Multiple Cartilaginous Exostosis, also known as Multiple Hereditary Exostoses (MHE) or Hereditary Multiple Exostoses (HME), is a rare genetic disorder characterized by the formation of multiple bony growths called exostoses that develop on the surface of bones at the growth plates, also known as the metaphyses. These exostoses are composed of cartilage, bone, and fibrous tissue.
Typically, Multiple Cartilaginous Exostosis is inherited in an autosomal dominant manner, meaning that affected individuals have a 50% chance of passing the condition to each of their children. Mutations in genes involved in the normal development and maintenance of the growing ends of bones, such as the EXT1 or EXT2 genes, are responsible for this disorder.

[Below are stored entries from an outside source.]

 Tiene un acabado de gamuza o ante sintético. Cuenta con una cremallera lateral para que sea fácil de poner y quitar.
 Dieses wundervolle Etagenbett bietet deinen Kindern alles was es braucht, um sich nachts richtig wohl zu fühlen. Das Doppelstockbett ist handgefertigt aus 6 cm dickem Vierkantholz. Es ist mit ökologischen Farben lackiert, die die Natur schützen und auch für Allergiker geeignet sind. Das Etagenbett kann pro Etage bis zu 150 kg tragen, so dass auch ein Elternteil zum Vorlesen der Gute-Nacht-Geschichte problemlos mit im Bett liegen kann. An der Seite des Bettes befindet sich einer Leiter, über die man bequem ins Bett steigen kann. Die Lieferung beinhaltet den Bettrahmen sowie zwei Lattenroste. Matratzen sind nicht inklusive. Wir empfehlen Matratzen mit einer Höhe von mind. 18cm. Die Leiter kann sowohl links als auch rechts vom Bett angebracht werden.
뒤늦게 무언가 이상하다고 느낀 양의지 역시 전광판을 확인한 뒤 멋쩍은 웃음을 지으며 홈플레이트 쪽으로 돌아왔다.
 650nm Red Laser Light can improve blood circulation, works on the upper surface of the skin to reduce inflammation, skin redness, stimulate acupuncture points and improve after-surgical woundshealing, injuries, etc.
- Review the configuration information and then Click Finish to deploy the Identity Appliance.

The exostoses can occur on any bone in the body, but they are most commonly found on the long bones of the arms and legs, as well as the ribs, pelvis, and scapula. The size and number of exostoses can vary greatly among affected individuals. In some cases, the growths may cause pain and restricted movement, especially if they exert pressure on nearby tissues or nerves.

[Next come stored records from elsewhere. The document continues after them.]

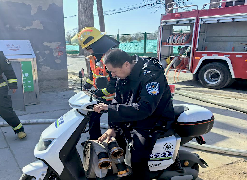 见民警及消防队到达现场,杨光迅速向其说明情况并协助消防员灭火。期间,由于道路狭窄,消防车无法进入,需要使用延长带。杨光见状,用治安巡逻车帮消防员运送延长带,提高救援速度。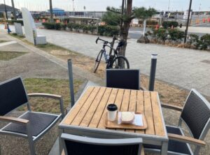 海を見て景色を楽しみたい所だけど、まずはお腹がすいたので食事をする事に。8:30くらいについたのだけど、事前に調べたところこの時間にOPENしているのはたぶん「cafeとびっちょ 江の島ヨットハーバー店」というお店のみ。という事でここで朝食をとる。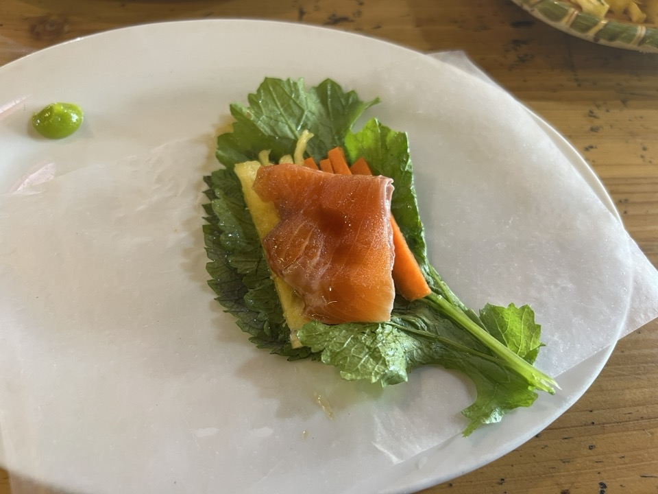 먹는 법은 간단하다. 라이스 페이퍼에 채소, 파인애플, 당근, 연어를 넣고 간장을 찍어서 먹으면 된다. 고수를 잘 못 먹는데, 조금 넣어 먹었더니 맛이 괜찮았다.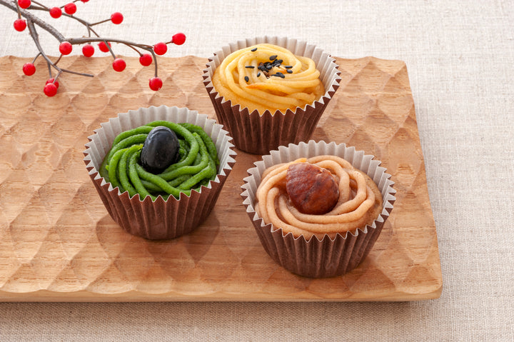肌寒い季節に旬を迎える素材、栗・さつまいも・黒豆抹茶の3種の焼きモンブラン。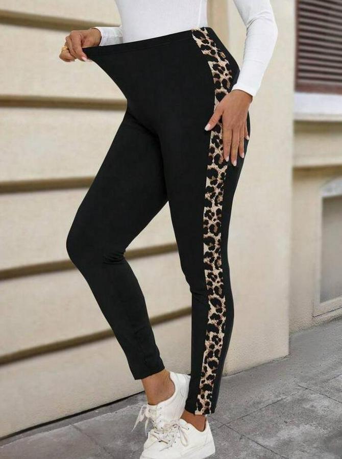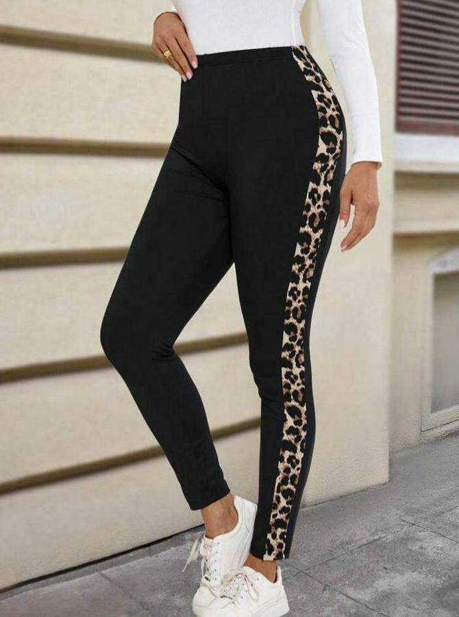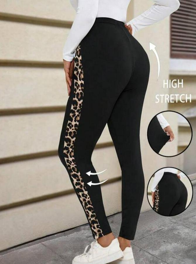 Kadın Yüksek Bel Yanları Leopar şerit Detay Dalgıç Tayt

Treatment of Multiple Cartilaginous Exostosis aims to manage symptoms and prevent complications. This may involve surgical removal of exostoses, monitoring for malignant transformation into osteochondromas, physical therapy to improve joint mobility, pain management, and genetic counseling. Regular follow-up with a multidisciplinary medical team is crucial to monitor the growth and development of exostoses and address any associated complications.